Il est intéressant d’y regarder car on dit souvent que ce qui se passe aux Etats-Unis arrive dix ans plus tard chez nous. Panorama de quelques indicateurs intéressants qui ne sont pas les plus valorisés ici pour des raisons bien idéologiques.

Contrairement à ce qu’on croit, les débats peuvent être vifs et… les mobilisations sociales nombreuses. De par leur histoire, les Etats-Unis sont marqués par des luttes puissantes pour l’égalité, la justice sociale. Faut-il rappeler que le 1er mai est un jour, entres autres, en raison d’une mobilisation réprimée dans le sang à Chicago en 1886. A l’heure actuelle, un des grands débats portés par les organisations sociales et défendu même par une partie de l’électorat populaire attiré par Donald Trump est celui d’un salaire minimum décent. Les syndicats de l’industrie mais aussi d’entreprises comme Starbucks, Amazon défendent cette idée par des grèves historiques. Une gauche de transformation sociale se reconstruit et trouve un écho certain dans les franges de la jeunesse.

Plus largement, les débats sur la régulation des industries du médicament autour des prix de leurs produits ou encore d’une ébauche de sécurité sociale (à partir de la généralisation du programme Medicare) font partie du débat public à l’heure où l’espérance de vie baisse depuis 2020 (accentué par la gestion calamiteuse de la Covid-19). Tout cela fait écho à nos débats ici en France sur le partage de la valeur et on se garde bien de nous montrer que des préoccupations similaires existent entre salariés de pays « amis ».

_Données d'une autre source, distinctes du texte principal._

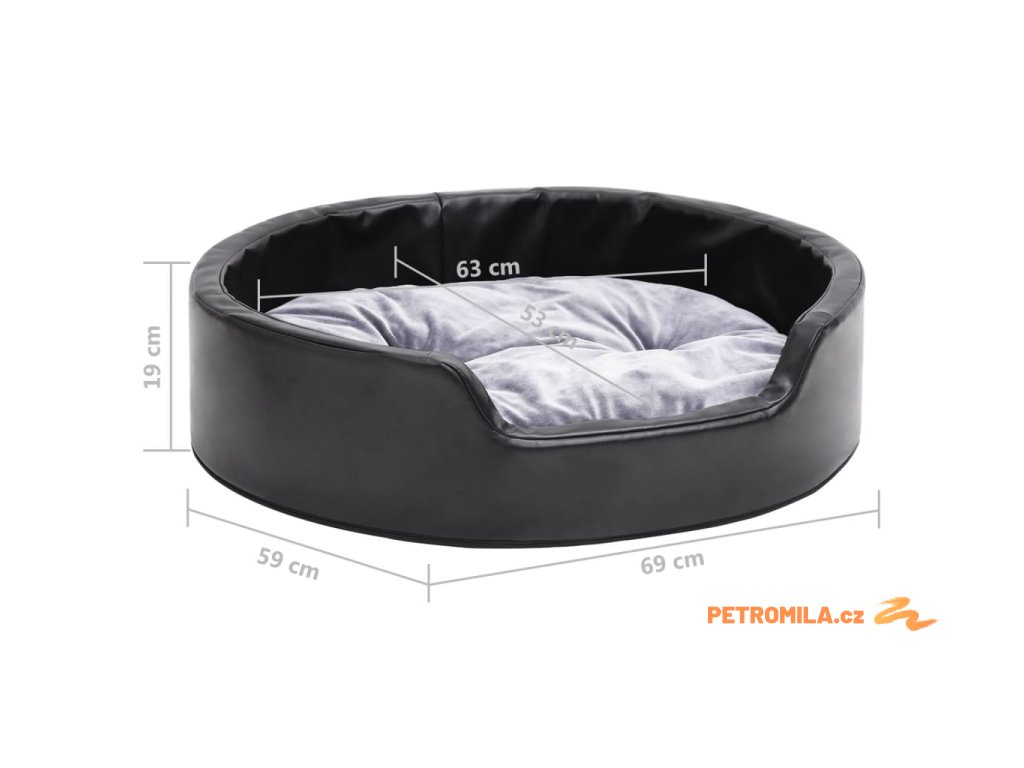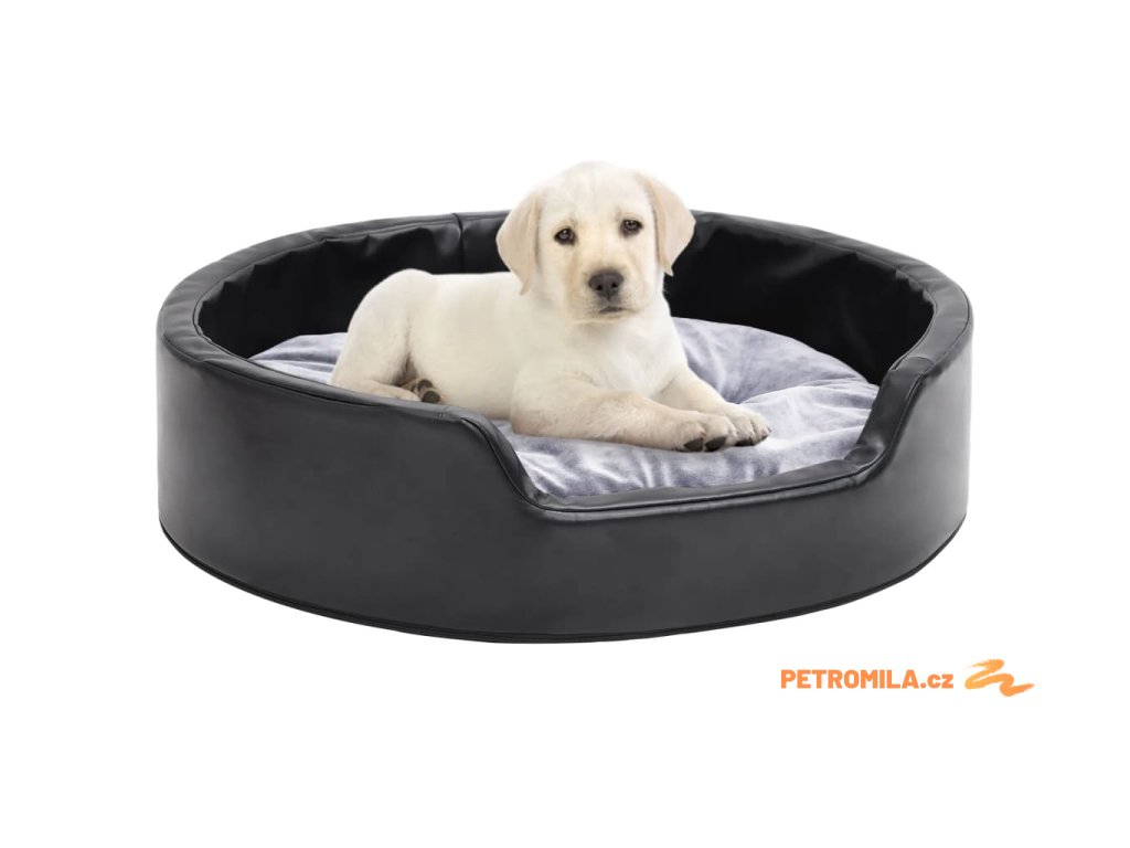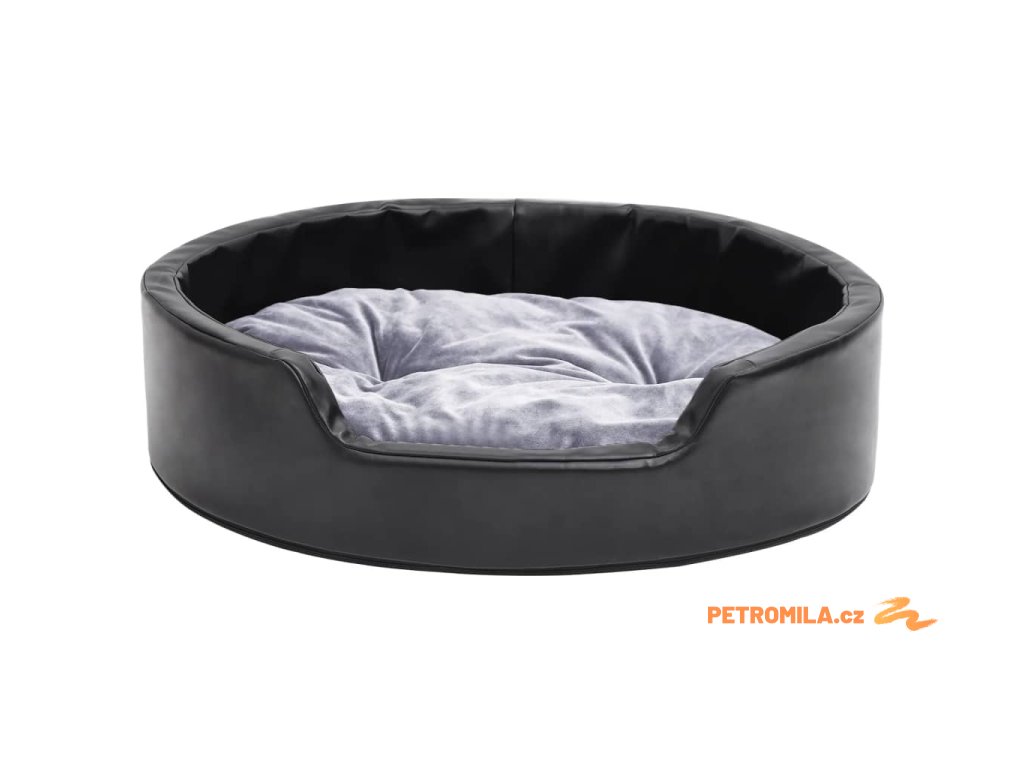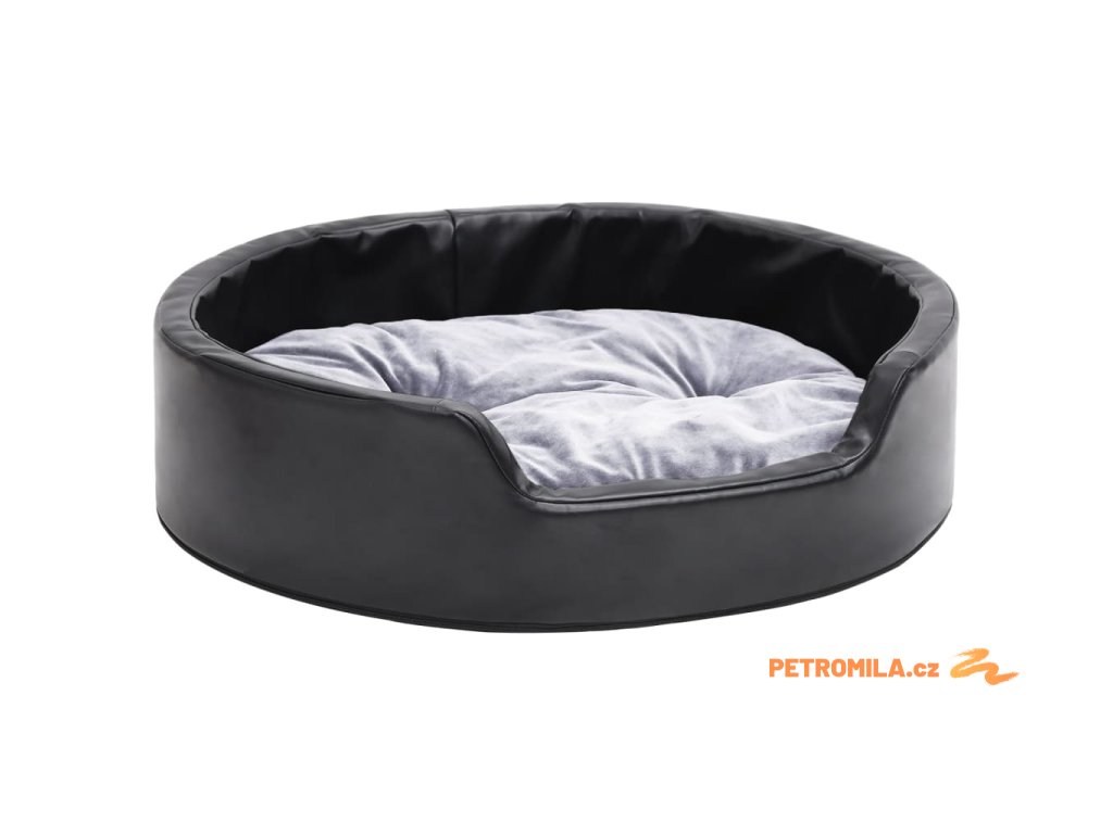 Pelíšek pro psy černý a šedý 69 x 59 x 19 cm plyš a umělá kůže

Les mobilisations en solidarité avec la Palestine, dans les campus notamment, sont inédites depuis la guerre du Vietnam. Une génération étudiante entre en politique et refuse la complicité de son gouvernement dans le massacre en cours à Gaza.

Le fait racial, si structurant et vecteur de divisions dans un pays marqué par l’esclavage, est de plus en contesté.

Les luttes sociales en sont un élément d’explication en contribuant à poser un affrontement sur des bases de classe. Cela correspond à d’autres évolutions : des vagues d’immigration issus d’autres régions du monde (sous-continent indien, Pacifique, Moyen-Orient) et la progressions des couples mixtes, plus nombreux qu’auparavant. Cela se concrétise sur le recensement qui prévoit que les citoyens se définissent par leur « race ». Ce type de classement est ainsi contesté notamment par des gens de diverses origines.

Il y a évidemment d’autres sujets plus préoccupants comme la prégnance du port d’armes (42% des foyers en possèdent au moins une) même si la législation évolue dans plusieurs Etats pour en limiter la diffusion.  L’importance de groupes criminels, liés au narcotrafic ou à des groupes suprémacistes, auquel il faut ajouter un secteur industriel qui mène un lobby intense contribuent à la diffusion d’armes à feu, y compris dans les pays voisins. Le risque autoritaire en cas de victoire de Donald Trump est réel. Il ne doit pas masquer que la société étatsunienne bouge et est traversée par des contradictions, des débats que nous devons aussi saisir pour nos luttes ici.